While biofoundries receive funding from public, academic, and private sector sources, Lesaffre stands out as a prominent example of a private company that has built and operates its own substantial facilities. Lesaffre is a France-based global provider of yeast, yeast products, flavors, fragrances, nutraceuticals, and pharmaceuticals made by precision fermentation. Its biofoundry has the capacity to perform 20,000 growth-based assays per day, with automatic monitoring of enzyme activity or cell growth multiple times per day. The facility’s robots were programmed with software specially tailored to its researchers’ needs and connected to the company’s laboratory information management systems and electronic lab notebooks.
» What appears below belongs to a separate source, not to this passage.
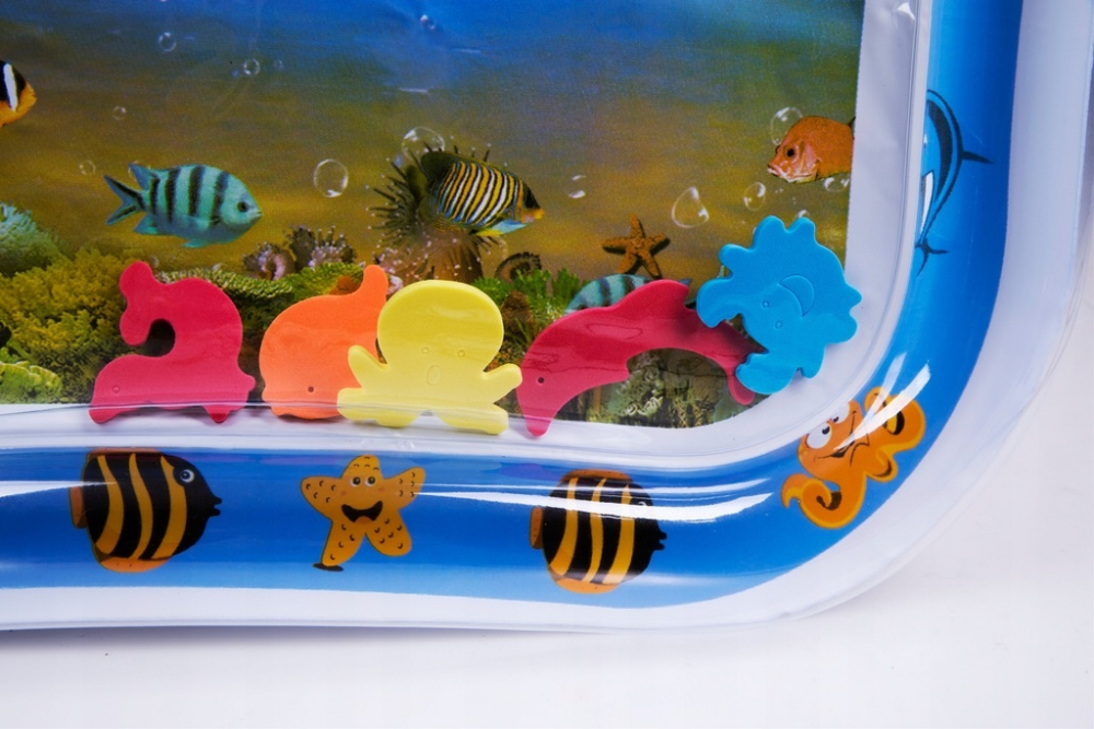 In interiorul covorasului se afla animale marine colorate, care se misca odata cu miscarile copilului, captandu-i atentia si stimulandu-i curiozitatea.

The biofoundry includes more than 100 interconnected programmable instruments supporting eight work cells.

This technology has enabled Lesaffre to work hand-in-hand with a wide range of customers to accelerate innovations. For example, the company works with manufacturers of baked foods to optimize different strains of yeasts to improve production.

“Access to these tools has increased our screening capacity from 10,000 [yeast] strains per year to 20,000 per day. Genetic improvement projects that previously required five to 10 years can now be completed in six to 12 months,” says Massimo Merighi, former Chief Bioengineering Officer of Lesaffre and General Manager of Recombia Biosciences. “Biology is still not easy to engineer, but the automation solutions we adopted and have perfected allow us to do things that were unthinkable just a few years ago.”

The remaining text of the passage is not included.